Ride-hailing startup Sidecar has long been overshadowed by its rivals Uber and Lyft, both in number of customers and in institutional investment. After nearly four years of trying to differentiate itself, it has given up the fight.
The company announced in a blog post that it would shutter its ride-hailing and delivery operations on December 31. Sidecar hasn’t ruled out the possibility of using any remaining funds to start side businesses. CEO Sunil Paul wrote in the post that he will consider “strategic alternatives and lay the groundwork for the next big thing.”
But Sidecar did try out various strategies before calling it quits.

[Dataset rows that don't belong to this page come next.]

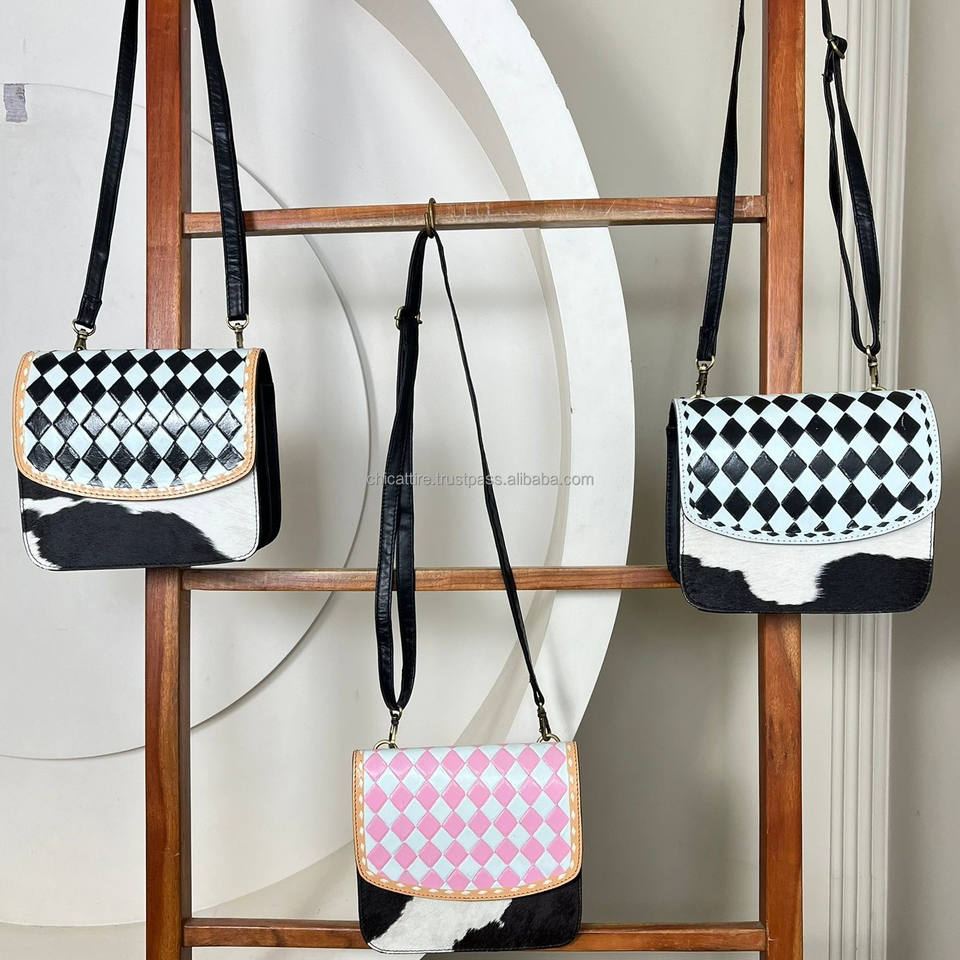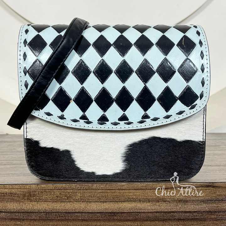 Product name:Hand Tooled Checkered Leather Crossbody Bag
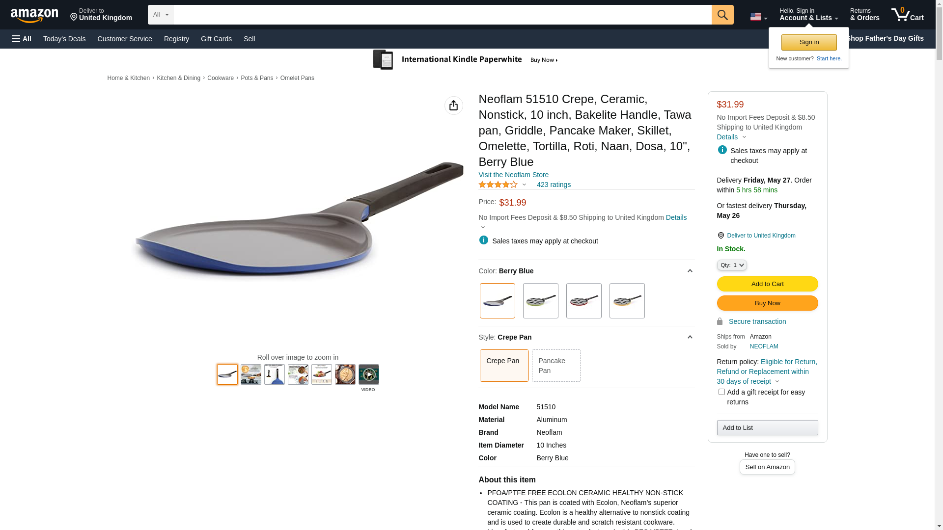 Neoflam 51510 Crepe, Ceramic, Nonstick, 10 inch, Bakelite Handle, Tawa pan, Griddle, Pancake Maker, Skillet, Omelette, Tortilla, Roti, Naan, Dosa, 10", Berry Blue
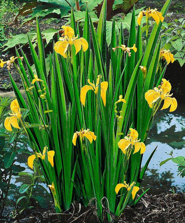 Die Gelbe Korbweide ist eine mehrjährige Pflanze, die in ganz Europa an Teichufern und an staunassen Stellen wächst. Sie gehört zur Familie der Iridaceae - Schwertliliengewächse. Die Sorte Variegata ist eine prächtige Schwertlilie mit interessanten, gelben Blättern, die die Pflanze während der gesamten Vegetationsperiode schmücken und im Winter nicht abfallen. Die leuchtend gelben Blüten mit brauner Aderung in der Mitte erscheinen von Mai bis Juli. Sie sind 10 cm groß. Die ganze Pflanze erreicht eine Höhe von 70-80 cm. Die Gelbe Schwertlilie bevorzugt einen sonnigen Standort, kann aber auch Halbschatten vertragen. Der Boden sollte feucht bis überschwemmt und nährstoffreich sein. Sie kann in einen Teich gepflanzt werden, in stehendes oder leicht fließendes Wasser bis zu einer Höhe von 5-15 cm. Sie ist von unschätzbarem Wert, wenn es darum geht, stickstoffhaltige Verbindungen aus dem Wasser zu entfernen und so übermäßiges Algenwachstum zu verhindern. Sie braucht keinen Winterschutz.
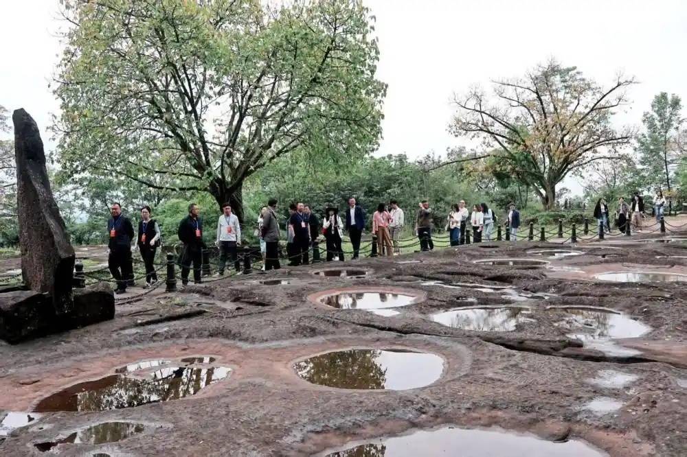 步入景区,护国门巍然矗立于悬崖之畔,门楣之上“护国门”三字历经风雨,雄风不减。媒体团踏着青石板路拾级而上,指尖抚过斑驳的城墙,感受七百多年前那场惊心动魄的旷世守城战。在讲解员的细致解说中,从“独钓中原”的石刻题记到依山就势的城防体系,从蒙军攻城地道的考古遗迹到范家堰衙署遗址的出土文物,一幅壮阔的历史画卷徐徐展开。“这不仅是一处古战场遗址,更是一本立体的历史教科书。”考察过程中,多位总编辑、社长驻足感慨。
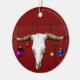 Cow Skull con adornos navideños en el Red Barn
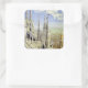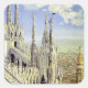 Close-up image from a vintage Italian travel poster for Milano, showing the Gothic roofline of Milan Cathedral.
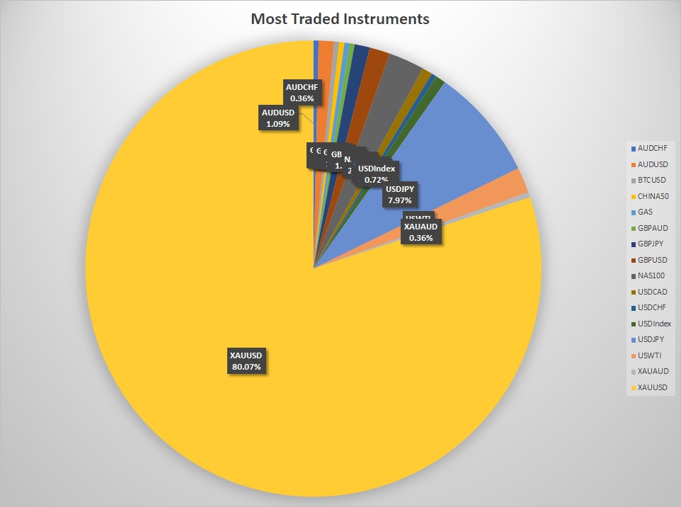 He performed a total of 288 trades across the following 18 trading instruments including:

In 2014, the company rolled out a shared rides feature, and it utilized its fleet of drivers to make food and grocery deliveries to offices. Paul described the business delivery service as a success (“the #1 business-to-business delivery service in the country in a matter of months”) but it may have been introduced too late to turn around the company’s fortunes.
From the blog post:
Shutting down the Sidecar service is a disappointment for our team and our fans. The impact of our work, however, will be felt for generations to come.
Paul didn’t share many insights on why the company failed. Recently, Silicon Valley entrepreneurs have taken to writing “post-mortem” posts to explain their perceived failings in detail. The goal is to help entrepreneurs avoid similar mistakes.